This repo contains a comprehensive list of our research works related to image matting, including papers, codes, datasets, demos, and citations. For any related questions, please contact Jizhizi Li at jili8515@uni.sydney.edu.au and Sihan Ma at sima7436@uni.sydney.edu.au.
[2023-04-10]: Publish the paper Deep Image Matting: A Comprehensive Survey on arXiv.
[2023-03-28]: The paper Rethinking Portrait Matting with Privacy Preserving has been accepted by the International Journal of Computer Vision (IJCV) 🎉
[2023-02-28]: The paper Referring Image Matting has been accepted by the Computer Vision and Pattern Recognition Conference (CVPR) 🎉
1. Deep Image Matting: A Comprehensive Survey, arXiv, 2023
2. Rethinking Portrait Matting with Privacy Preserving, IJCV, 2023
3. Referring Image Matting, CVPR, 2023
4. Bridging Composite and Real: Towards End-to-end Deep Image Matting, IJCV, 2022
5. Privacy-preserving Portrait Matting, ACM MM, 2021
6. Deep Automatic Natural Image Matting, IJCAI, 2021
Jizhizi Li, Jing Zhang, and Dacheng Tao
Paper | Github Code | BibTex
Image matting refers to extracting precise alpha matte from natural images, and it plays a critical role in various downstream applications, such as image editing. The emergence of deep learning has revolutionized the field of image matting and given birth to multiple new techniques, including automatic, interactive, and referring image matting. Here we present a comprehensive review of recent advancements in image matting in the era of deep learning.
Sihan Ma∗, Jizhizi Li∗, Jing Zhang, He Zhang, and Dacheng Tao. (*equal contribution)

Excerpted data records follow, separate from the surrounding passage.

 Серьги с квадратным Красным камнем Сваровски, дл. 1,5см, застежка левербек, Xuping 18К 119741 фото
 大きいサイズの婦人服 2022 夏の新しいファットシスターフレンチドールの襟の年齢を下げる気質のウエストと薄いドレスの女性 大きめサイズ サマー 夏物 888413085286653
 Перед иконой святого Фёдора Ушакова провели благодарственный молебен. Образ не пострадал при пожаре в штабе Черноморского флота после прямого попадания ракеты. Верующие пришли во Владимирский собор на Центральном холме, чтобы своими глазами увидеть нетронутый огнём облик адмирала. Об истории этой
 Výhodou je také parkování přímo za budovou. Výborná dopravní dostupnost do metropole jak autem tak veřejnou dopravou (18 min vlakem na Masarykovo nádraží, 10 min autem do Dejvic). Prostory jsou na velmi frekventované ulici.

Paper | Github Code | Dataset | Demo | BibTex
This paper introduces three variants of P3M-Net based on both transformer and CNN backbones to solve the portrait matting problem with privacy preserving. Also a simple yet effective Copy and Paste strategy (P3M-CP) is devised to enable the matting model to process both face-blurred and normal images without extra effort during inference.
Jizhizi Li, Jing Zhang, and Dacheng Tao
Paper | Github Code | Dataset | BibTex
Image matting refers to extracting the accurate foregrounds in the image. Current automatic methods tend to extract all the salient objects in the image indiscriminately. In this paper, we propose a new task named Referring Image Matting (RIM), referring to extracting the meticulous alpha matte of the specific object that can best match the given natural language description. We then propose a large-scale dataset RefMatte and a carefully designed method CLIPMat to serve as a baseline suite for RIM. We believe the new task RIM along with the RefMatte dataset and the method CLIPMat will open new research directions in this area and facilitate future studies.

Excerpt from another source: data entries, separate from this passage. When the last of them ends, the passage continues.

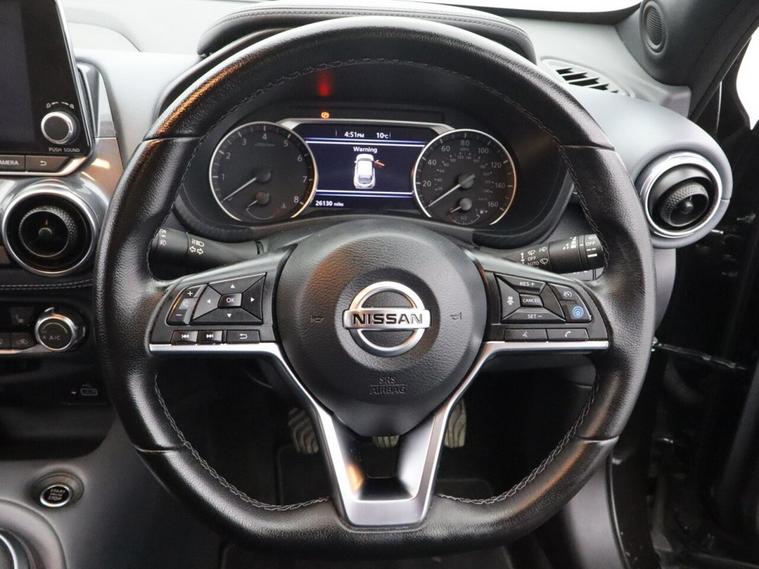This 2021 (DN71 EBK) Nissan Juke 1.0 DIG-T Tekna SUV 5dr Petrol Manual Euro 6 (s/s) (114 ps) is finished in sleek black and has covered just 26, 129 miles. Combining bold styling with advanced technology and impressive efficiency, this Nissan Juke Tekna petrol manual is a superb example of one of the UKs most popular compact SUVs. Powered by the responsive 1.0 DIG-T turbocharged petrol engine producing 114 ps, paired with a smooth 6-speed manual gearbox, this Euro 6 (s/s) compliant Juke delivers an engaging drive with excellent fuel economy. Its elevated SUV driving position offers enhanced visibility and comfort, making it ideal for both city commuting and longer motorway journeys. The range-topping Tekna specification ensures a high level of equipment, while this example also benefits from the Design Pack, enhancing the vehicles distinctive exterior styling and premium feel. The Heat Pack provides added comfort in colder months, while the Comfort Pack enhances everyday usability and convenience. Technology is a standout feature, with full Android Auto and Apple CarPlay integration, allowing seamless smartphone connectivity for navigation, calls and music streaming. Manoeuvring is made effortless thanks to front parking sensors, offering added confidence in tight urban spaces. With its striking black finish, low mileage and high specification, this Nissan Juke 1.0 DIG-T Tekna offers the perfect blend of practicality, modern technology and sporty design. A fantastic opportunity to own a stylish and economical used Nissan Juke SUV, delivering comfort, connectivity and efficiency in one well-rounded package.
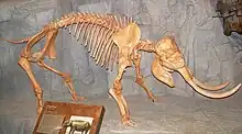 The Tilos dwarf elephant is the first dwarf elephant whose DNA sequence has been studied. The results of this research are consistent with previous morphological reports, according to which Palaeoloxodon is more closely related to Elephas than to Loxodonta or Mammuthus.[15] On the other hand DNA analysis in 2017 conclude that the closest living relative oft the genus Palaeoloxodon is the African forest elephant (Loxodonta cyclotis).[16] The paper suggests that the current view of elephant evolution is "in need of substantial revision".[16] After the study of new osteological material[12] that has been excavated in anatomical connection in the Charkadio Cave on Tilos island the new species name Palaeoloxodon tiliensis has been assigned to the Tilos dwarf elephants. It was the latest paleoloxodontine to survive in Europe. They did not become extinct until around 4000 BC, so this elephant survived well into the Holocene. An exhibition is available at the Municipality of Tilos Island, soon to be transferred to the new building near Charkadio Cave.
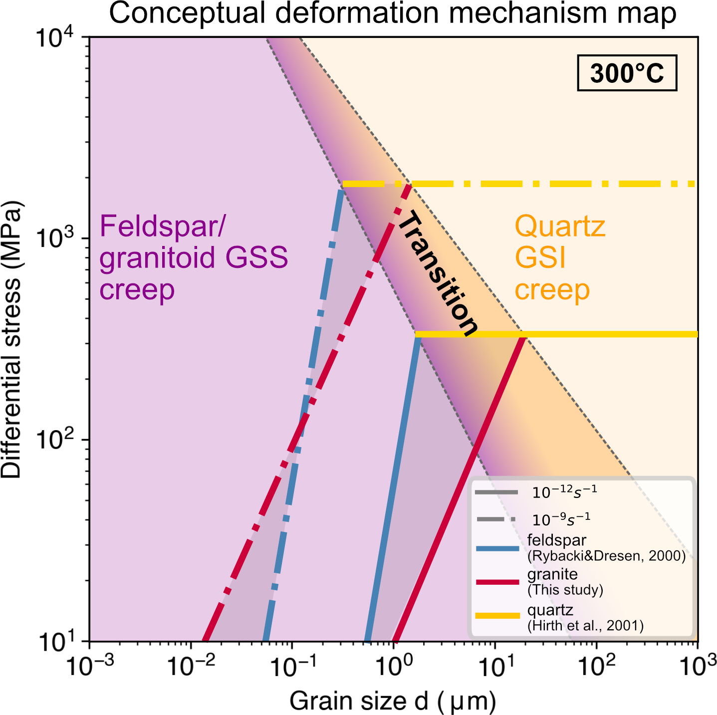 Still, at larger grain sizes than 15 µm, especially coarse, undeformed granites with grain sizes of >1 mm, will be stronger than quartz. We therefore investigate the transition from quartz GSI to feldspar/granitoid GSS creep in a conceptual, two-phase deformation mechanism map (Fig. 10). Usually, in these grain size vs. stress maps, different deformation regimes for one material are plotted (e.g., as in Rybacki and Dresen, 2004). We assume that, in a granitic rock, taken as the deforming material, different deformation regimes that are dependent on the grain size will be active and will also switch the dominant mechanisms between minerals.

Jizhizi Li1∗, Jing Zhang1∗, Stephen J. Maybank, and Dacheng Tao. (*equal contribution)
Paper | Github Code | Dataset | Demo | BibTex
We propose a novel Glance and Focus Matting network (GFM), which employs a shared encoder and two separate decoders to learn both tasks in a collaborative manner for end-to-end image matting. We also establish a novel Animal Matting dataset (AM-2k) to serve for end-to-end matting task. Furthermore, we investigate the domain gap issue between composition images and natural images systematically, propose a carefully designed composite route RSSN and a large-scale high-resolution background dataset (BG-20k) to serve as better candidates for composition.

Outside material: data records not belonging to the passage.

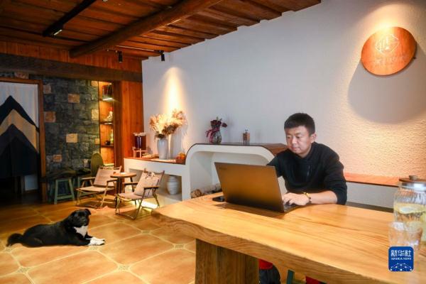 Xu Liang, owner of a B&B hotel located inside a scenic area in Altay prefecture of northwest China's Xinjiang Uygur Autonomous Region, handles orders placed by tourists. (Xinhua/Hu Huhu)
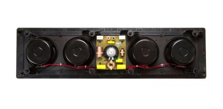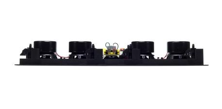 Diffusore da incasso a parete adatto a stanza maggiori di 56 metri cubi. 4 woofer in fibra di vetro da 5.25" e 1 tweeter con cupola in titanio da 1" con tromba 90° X 90° Tractrix. Impedenza nominale compatibile con 8 ohm. 600 W di picco e 150 W di potenza RMS. 92 dB di sensibilità. Risposta in frequenza 46 Hz 20 kHz. Frequenza di crossover a 250 Hz e 2100 Hz. Con sistema di installazione Ultra Sicuro. Griglia piana, magnetica e vernicabile. Dimensioni (LxAxP): 20.65x73.35x8.94 cm. Dimensioni del foro necessario (LxA): 16.51x69.19 cm. Profondità di montaggio 8.94 cm. Peso: 8.3 kg.
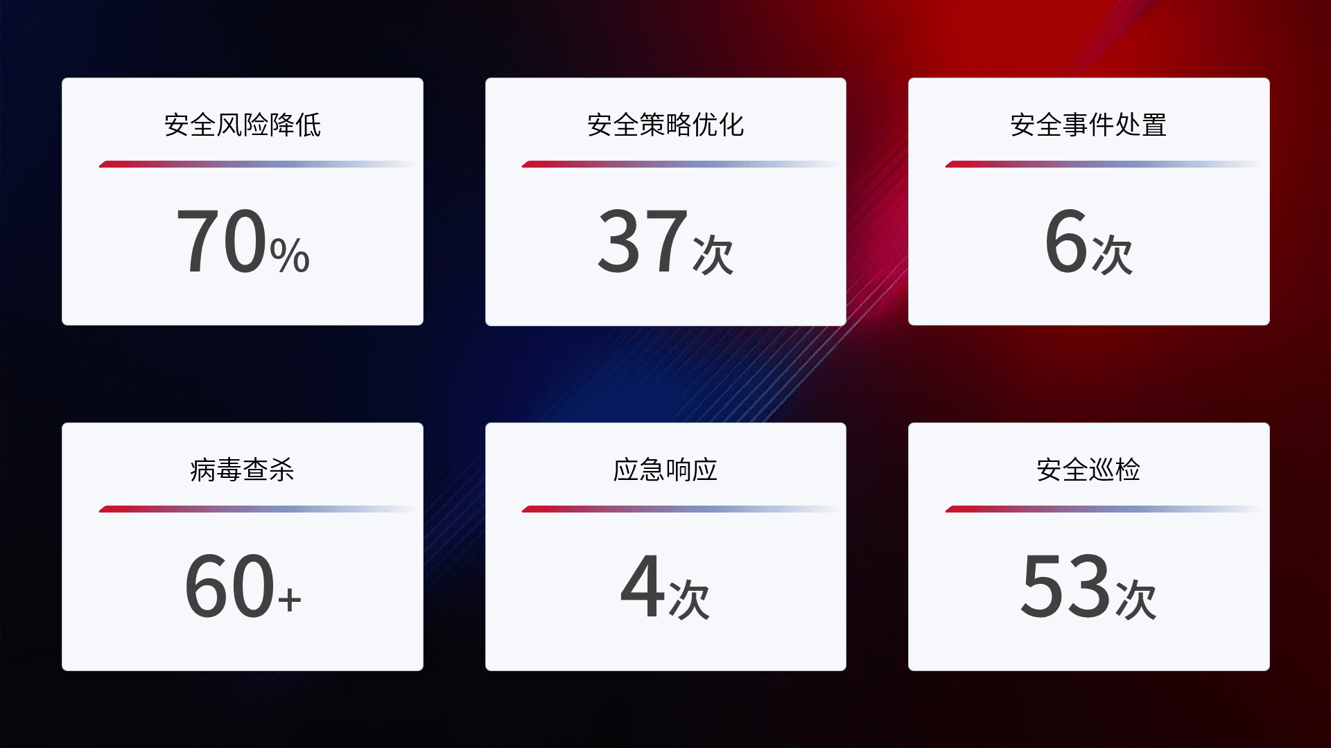 提供全面的安全事件报告体系,,,,包括处置报告、、、、周报、、、季度和年度总结,,,结合持续监控,,帮助客户深入了解网络安全状况。。
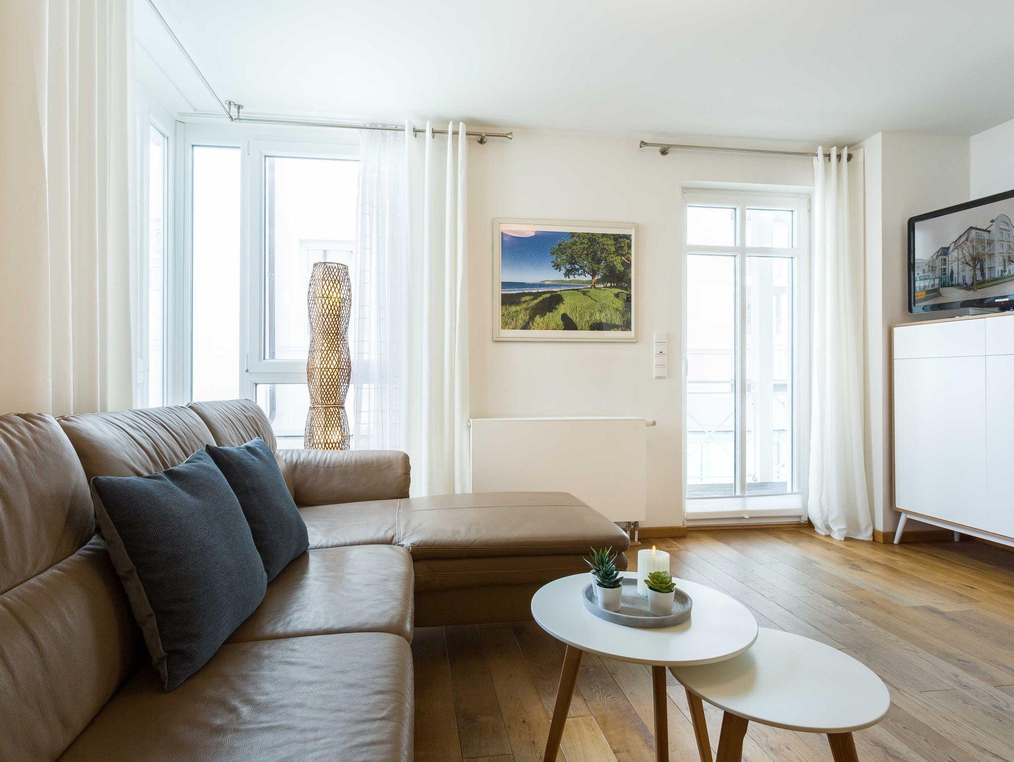Das Wohnzimmer hat ein großes bodentiefes Fenster zum Strand und einen weiteren Zugang zum Balkon mit Meerblick.

Jizhizi Li∗, Sihan Ma∗, Jing Zhang, and Dacheng Tao. (*equal contribution)
Paper | Github Code | Dataset | BibTex
This work presents P3M-10k, which is the first large-scale anonymized benchmark for Privacy-Preserving Portrait Matting, to solve the increasing concerns about the privacy in image matting. They also propose P3M-Net, which leverages the power of a unified framework for both semantic perception and detail matting, and specifically emphasizes the interaction between them and the encoder to facilitate the matting process.
Jizhizi Li, Jing Zhang, and Dacheng Tao
Paper | Github Code | Dataset | BibTex
We investigate the difficulties when extending the automatic matting methods to natural images with salient transparent/meticulous foregrounds or non-salient foregrounds by proposing a novel end-to-end matting network, which can predict a generalized trimap for any image of the above types as a unified semantic representation and simultaneously guide the matting network to focus on the transition areas via an attention mechanism. We also construct a test set AIM-500 that contains 500 diverse natural images covering all types along with manually labeled alpha mattes, making it feasible to benchmark the generalization ability of AIM models.